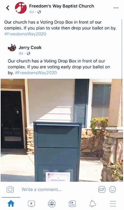 A church in North Los Angeles County, Freedom’s Way Baptist Church, known for its anti-LGBTQ and anti-women’s reproductive rights viewpoints, posted a picture on Facebook a few days ago of a grey metal container with a taped sign that read “Official Ballot Drop Box.”
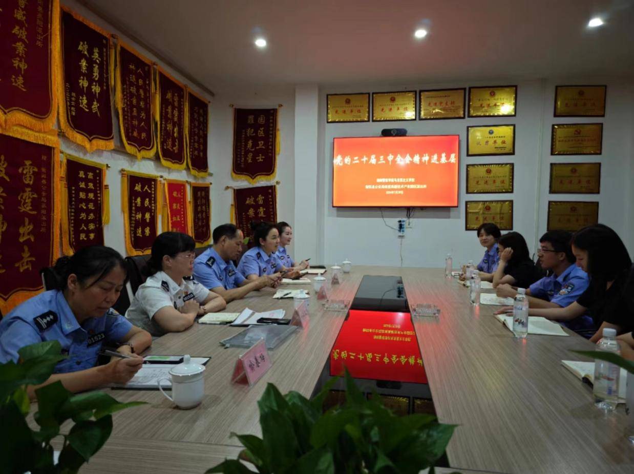 文章来源:湖南长安网 作者: 时间:2024-08-01 15:36:43湖南长安网8月1日讯 为更好学习贯彻党的二十届三中全会精神,服务基层公安部门进一步全面深化改革,7月29日,湖南警察学院马克思主义学院组织师生深入基层派出所宣讲党的二十届三中全会精神。
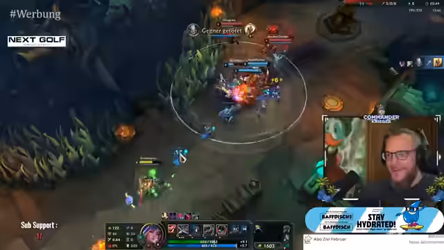 07:19:07Nachdem das Golfspiel persistente Probleme macht, wechseln die Streamer zu League of Legends, speziell in den Aram-Modus. Dabei muss der Streamer feststellen, dass Max, ein Mitspieler, das Spiel verlassen hat. In der Lobby wird humorvoll über die Charakterentwicklung gesprochen, wobei jeder einen einzigartigen Hintergrund und Namen erhält, was zu unterhaltsamen Anekdoten über erfundene Biografien führt.
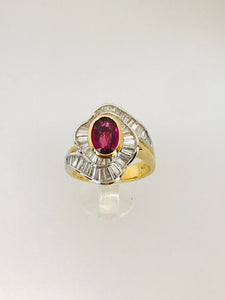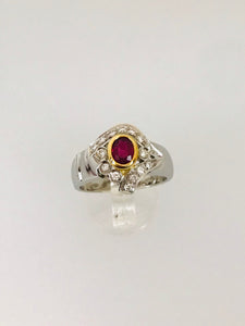 ANELLO FANTASIA RUBINO DIAMANTI ORO BIANCO E GIALLO
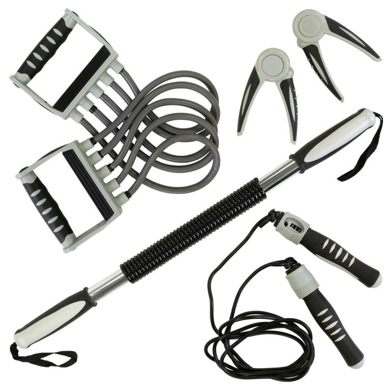 Elastyczna opaska ekspandera przeznaczona jest do kompleksowego treningu wszystkich grup mięśniowych Twojego ciała. W szczególności można nim kształtować górną część ciała. W zależności od poziomu treningu możesz indywidualnie regulować napięcie. Trenażer z uchwytem sprężynowym ćwiczy mięśnie przedramion i dłoni. Poprawiają chwyt dłoni i palców, wytrzymałość, elastyczność, napięcie mięśniowe oraz motorykę małą i dużą. Skakanka wyposażona jest w łożysko kulkowe, które ułatwia skręcanie i bujanie. Zintegrowane jest również liczydło, a ergonomiczne, sznurkowe uchwyty zapewniają wygodę i antypoślizgowy uchwyt. Wysokiej jakości sprężyna / sztanga typu royal oferuje siłę dzięki sprężynie ze stali węglowej, która dostosowuje się indywidualnie do wysiłku, dzięki czemu łaskocze tak mocno, jak to możliwe - idealna do budowania masy mięśniowej. Tutaj ćwiczy się całą górną część ciała, czyli ramiona, szyję i barki, klatkę piersiową, triceps, bicepsy i mięśnie piersiowe.

(Task to carry out)
Each entry above is to be duplicated exactly, and its pictures omitted.

(Finished exercise)
 A church in North Los Angeles County, Freedom’s Way Baptist Church, known for its anti-LGBTQ and anti-women’s reproductive rights viewpoints, posted a picture on Facebook a few days ago of a grey metal container with a taped sign that read “Official Ballot Drop Box.”
 文章来源:湖南长安网 作者: 时间:2024-08-01 15:36:43湖南长安网8月1日讯 为更好学习贯彻党的二十届三中全会精神,服务基层公安部门进一步全面深化改革,7月29日,湖南警察学院马克思主义学院组织师生深入基层派出所宣讲党的二十届三中全会精神。
 07:19:07Nachdem das Golfspiel persistente Probleme macht, wechseln die Streamer zu League of Legends, speziell in den Aram-Modus. Dabei muss der Streamer feststellen, dass Max, ein Mitspieler, das Spiel verlassen hat. In der Lobby wird humorvoll über die Charakterentwicklung gesprochen, wobei jeder einen einzigartigen Hintergrund und Namen erhält, was zu unterhaltsamen Anekdoten über erfundene Biografien führt.
 ANELLO FANTASIA RUBINO DIAMANTI ORO BIANCO E GIALLO
 Elastyczna opaska ekspandera przeznaczona jest do kompleksowego treningu wszystkich grup mięśniowych Twojego ciała. W szczególności można nim kształtować górną część ciała. W zależności od poziomu treningu możesz indywidualnie regulować napięcie. Trenażer z uchwytem sprężynowym ćwiczy mięśnie przedramion i dłoni. Poprawiają chwyt dłoni i palców, wytrzymałość, elastyczność, napięcie mięśniowe oraz motorykę małą i dużą. Skakanka wyposażona jest w łożysko kulkowe, które ułatwia skręcanie i bujanie. Zintegrowane jest również liczydło, a ergonomiczne, sznurkowe uchwyty zapewniają wygodę i antypoślizgowy uchwyt. Wysokiej jakości sprężyna / sztanga typu royal oferuje siłę dzięki sprężynie ze stali węglowej, która dostosowuje się indywidualnie do wysiłku, dzięki czemu łaskocze tak mocno, jak to możliwe - idealna do budowania masy mięśniowej. Tutaj ćwiczy się całą górną część ciała, czyli ramiona, szyję i barki, klatkę piersiową, triceps, bicepsy i mięśnie piersiowe.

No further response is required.